I know very little about Physics-inspired analyses of financial trading, but I did not think that would impare my initial reading of the paper by Tóth et al. Unfortunately, the authors make use of a number of terms that initially threw me off, incuding “limit orders” and “books.” I tried to infer their meaning from the context, but found that I was still confused. Fortunately, they define “limit orders” and “market orders” in their appendix and “order book” is described on this Wikipedia page. Armed with this knowledge, I understood more of the article on my second reading and found the paper to be more accessible, though still opaque in places. This is acceptable: at least the beginnings and endings of well written articles should be accessible to a broad scientific audience, and one can hardly avoid confusing non-experts with details in the middle. Although the article is not the first to provide a meaningful explanation for square-root price changes that occurr during large meta-orders, it makes fewer assumptions compared with previous work and links their analysis to the ever-intriguing notion of self-organized criticality. Overall, I give PRX one thumb-up for this article.

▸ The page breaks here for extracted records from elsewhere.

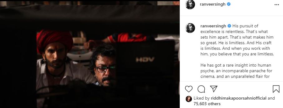 "My bond with SLB is very deep. I have done my best work with Him. He is a master of his craft and a true artist. Whenever you are directed by him you have a tremendous growth spurt as a performer. He challenges you, he pushes you to deliver a performance that's visceral, spirited, and comes from a place deep within you. He enriches and inspires you. He nurtures his actors and extracts their very best performances," Ranveer wrote.
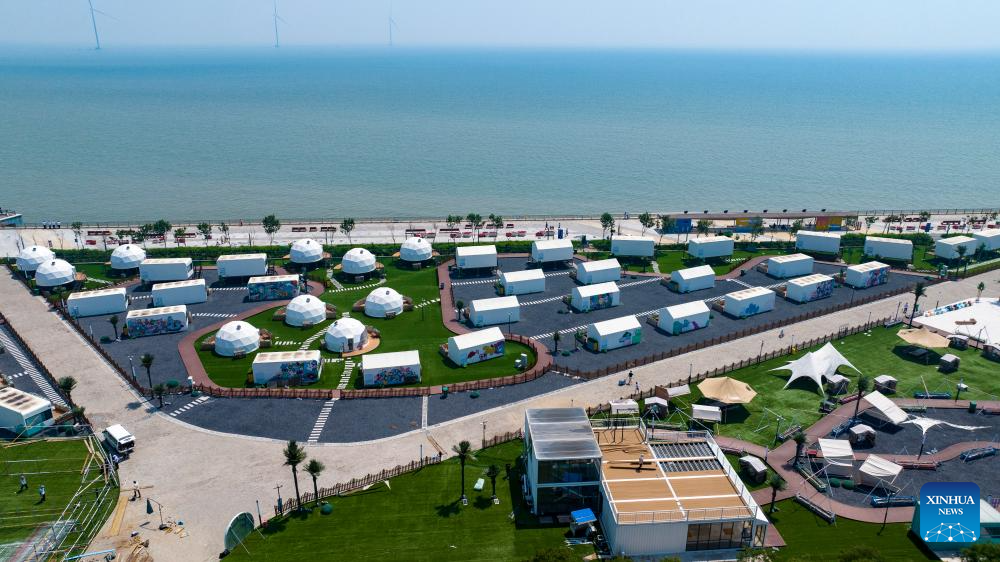 A drone photo taken on June 21, 2025 shows a camping base at a seaside park in Binhai New Area in north China's Tianjin. In recent years, Binhai New Area in Tianjin has made great efforts to protect ecological environment and upgraded the layout of parks. Several seaside landmarks in Binhai have become popular tourist destinations. (Xinhua/Zhao Zishuo)
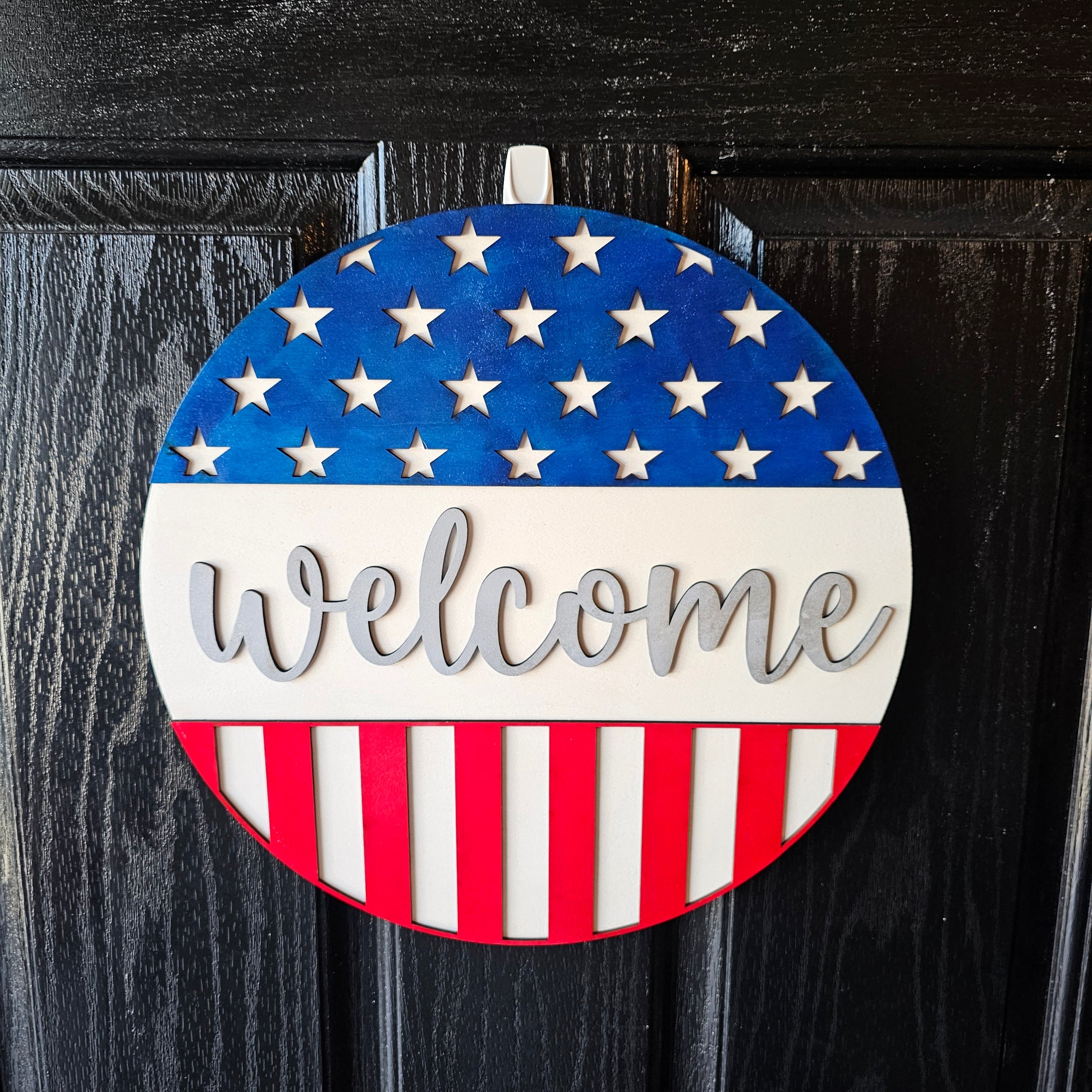 This 14-inch wooden door hanger features a laser-cut and hand-painted design, ideal for enhancing doors, walls, or posts both inside and outside your home.
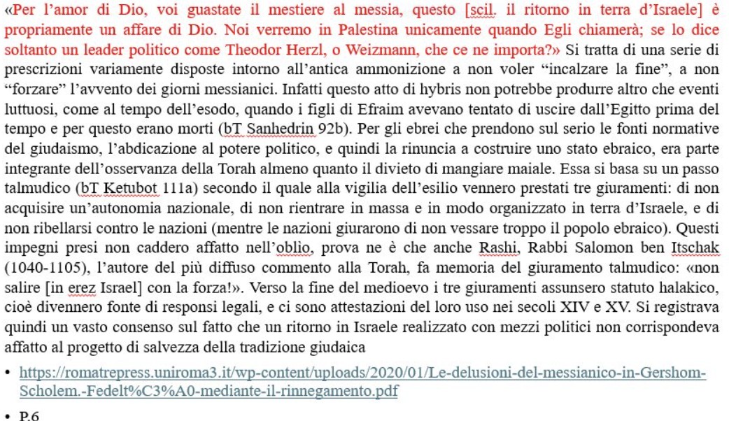 ↑2025.12.12 Agnoli spiega che gran parte dell'ebraismo religioso di fine Ottocento nutriva avversione nei confronti del sionismo. I primi sionisti erano nazional-socialisti; Moses Hess, amico di Marx coniò l'espressione "religione oppio dei popoli". Agnoli cita l'antisionismo ebraico, tra cui l’ebreo religioso antisionista Jacob Israël de Haan che viene ucciso nel 1924 da terroristi sionisti che poi accusano dell’omicidio gli arabi: la formazione di uno Stato ebraico in senso tradizionale, prima dell’era messianica, sarebbe considerata dai "buoni ebrei" una trasgressione della Halachà: <foto1, foto2>.
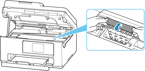Jika kertas yang macet ada di bawah penahan kartrij FINE, pindahkan penahan kartrij FINE ke sisi kanan atau kiri terjauh, yang dapat memudahkan untuk mengeluarkan kertas.
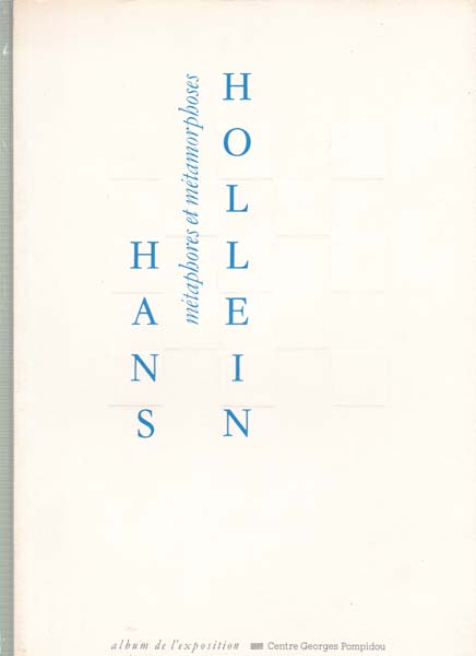 Hollein, Hans: métaphores et métamorphoses. Erste Auflage. Paris. Centre Pompidou. 1987. 30,5 x 21 cm. 32 unpaginierte S. OKarton. Einbandkanten nachgdunkelt und mit kleinen Bereibungen, kleiner privater Eintrag auf dem Titelblatt. Erschienen anlässlich der Ausstellung Paris 18. März bis 8. Juni 1987 durchgehend mit Abbildungen versehen. Text in französischer Sprache.
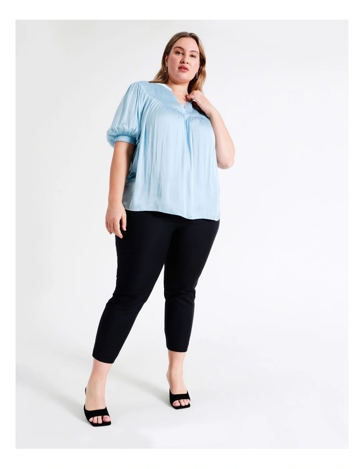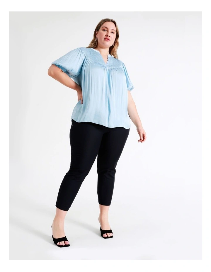 Basque Curve Shirred Yoke Recycled Bruised Poly Satin Top In Sky Blue
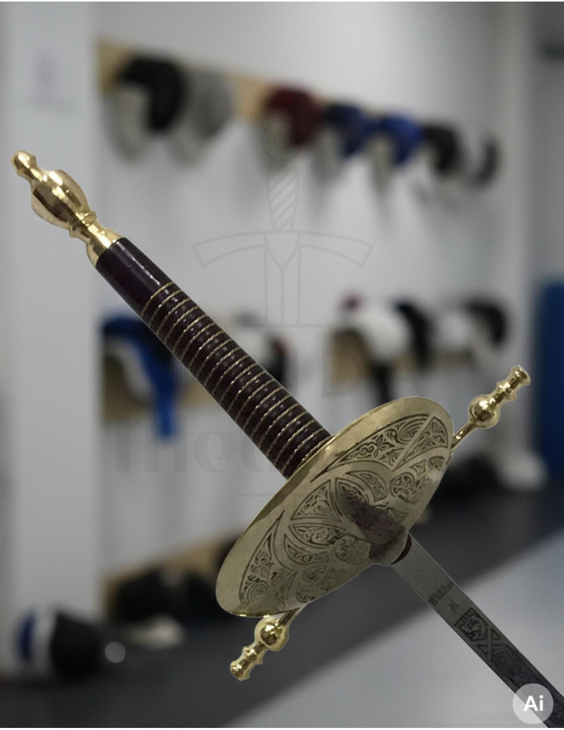 Fabricado artesanalmente em Toledo, Espanha por o mestre espadeiro José Luis Rubio, este florete representa a qualidade e a tradição.
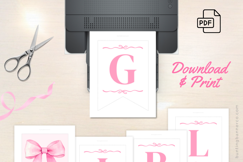 If you are looking for a pink bow baby shower banner that feels modern, sweet, and easy to style, this printable bunting is the perfect finishing touch for your party decor.
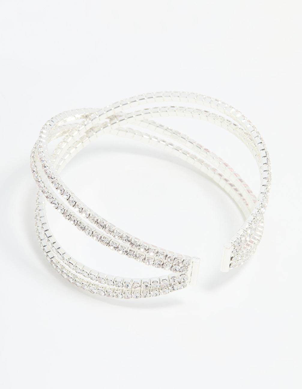 Add a touch of elegance to any outfit with this Silver Diamante Pavé Wrap Bangle. This stunning piece of wristwear features a sleek silver-tone design, with delicate pavé-set diamantes that shimmer beautifully in the light. The wrap-style cuff adds a modern twist, making it perfect for everything from casual brunches to dressy evenings. Pair it with your favourite silver jewellery or let it shine solo as a statement piece. Whether you're dressing up for a party or adding sparkle to your everyday look, this versatile bangle is a must-have accessory for any jewellery lover.
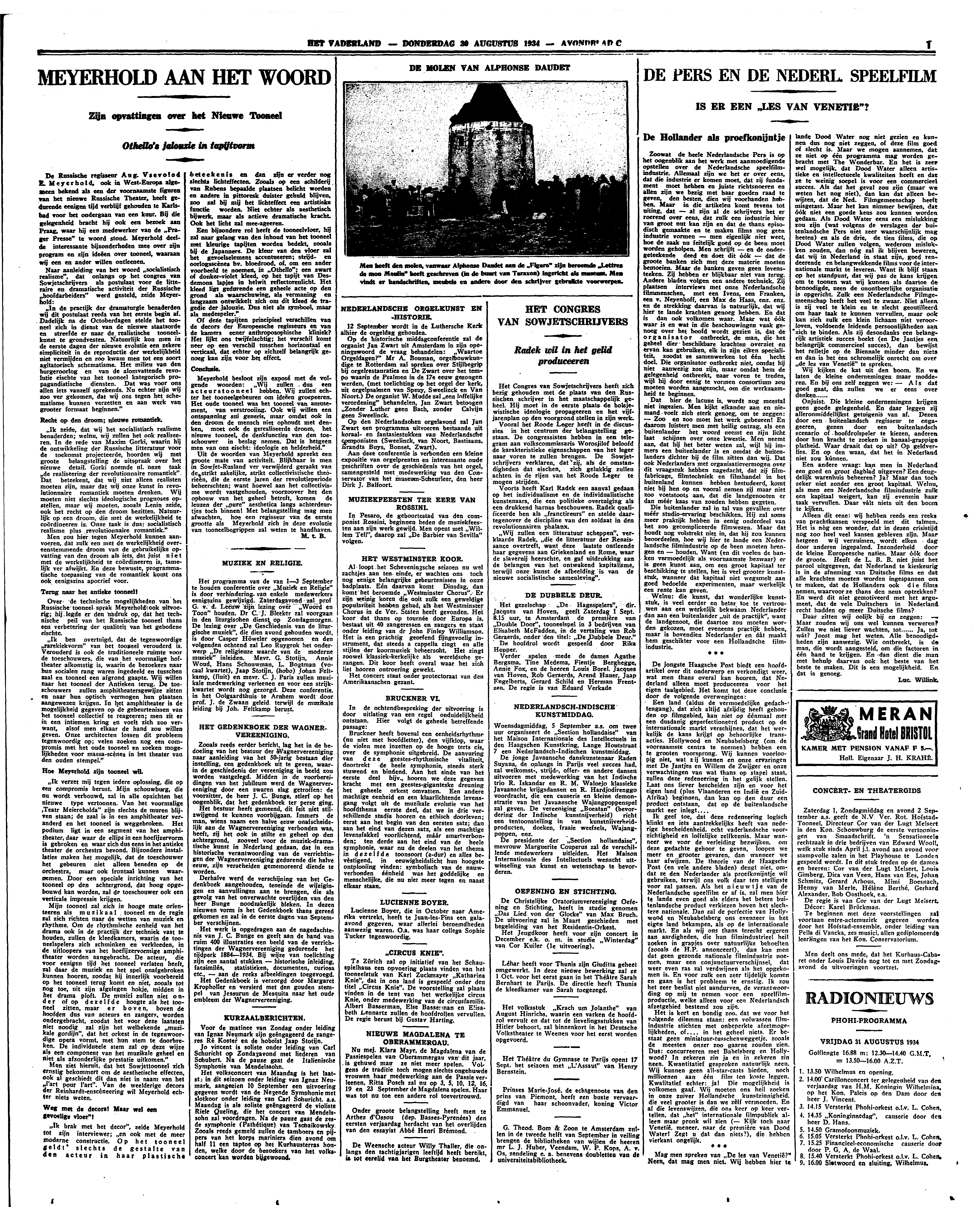 De Russische regisseur Aug. Vsevolod E. Meyerhold, ook in West-Europa algemeen bekend als een der voornaamste figuren van het nieuwe Russische Theater, heeft gedurende eenigen tijd verblijf gehouden te Karlsbad voor het ondergaan van een kuur. Bij die gelegenheid bracht hij ook een bezoek aan Praag, waar hij een medewerker van de Prager Presse te woord stond. Meyerhold deelde interessante bijzonderheden mee over zijn program en zijn ideëen over tooneel, waaraan wij een en ander willen ontleenen.
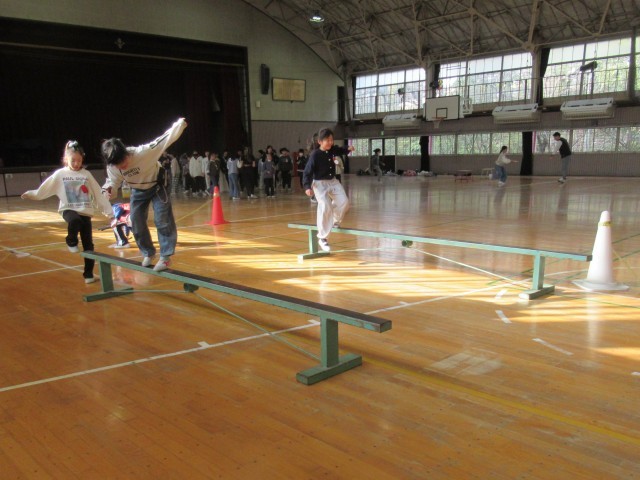 午後、体育館では4年生が2学級合同でレクリエーション活動を行いました。はじめに、学級対抗の障害物リレーに挑戦しました。(写真1~5枚目)同じ学級の仲間がさまざまな障害をクリアするたびに歓声が上がり、体育館の外にまで声が漏れるほど、大きな声援が響きわたっていました。後半はドッジボールを行い、児童は「本気コース」と「お楽しみコース」から自分に合ったコースを選んで参加しました。(写真6~10枚目)それぞれのレベルでゲームを楽しみ、今週最後の時間を思いきり満喫することができました。
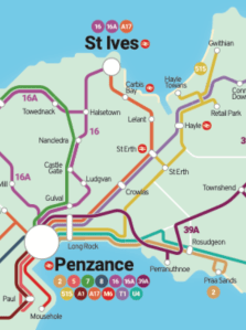 Planning out an itinerary is ostensibly easy to do using the Transport for Cornwall website as it has a bus route listing as well as a colourful countywide network map – something not available when the timetable book was compiled last Spring. The map’s a bit tricky to follow as there are many similar shades of colour making it challenging to work out which route number shown at the terminal points belongs to which coloured line.
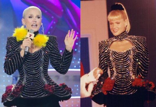 Xuxa y su "Ilarie" en el aniversario de TV Globo Xuxa y su "Ilarie" en el aniversario de TV Globo luciendo un traje de su brillante época (Captura de pantalla)

Unlike Tóth’s paper, Takaguchi et al. discuss research that comes very close to the interests of the Amaral lab, and in contrast to the first two papers, their work is experimental. I was trained as an experimentalist so perhaps my opinion is biased, but I found this article to be exceptionally well written. They adequately contextualize their work, they fully explain their experimental setup, they identify a number of shortcomings in their setup and analysis and address each of them, and they make excellent use of appendices for details that would otherwise obscure the discussion. They conclude that the temporal order of an individual’s conversations in an office-like setting is predictable. To make an example, if you track the people with whom I converse during the day, you will quickly see that I converse most with Julia, less with Peter, infrequently with Nico. You can calculate the probability that I speak with anyone in the lab with the simplest of statistics. Takaguchi showed that if you know my most recent conversation partner (Rufaro, for example), you can predict my next conversation partner with greater likelihood than if you started with static probabilities. Because of the quality of the writing and figures, I give PRX two thumbs up. I hope that this paper sees wide readership.
PRX is a new journal and it is still working to find its place among the journals of the American Physical Society. Hopefully in the coming months and years we will see more articles with the quality and clarity of Takaguchi et al. and less of the editorial snafus exhibited in Belik, Geisel, and Brockmann.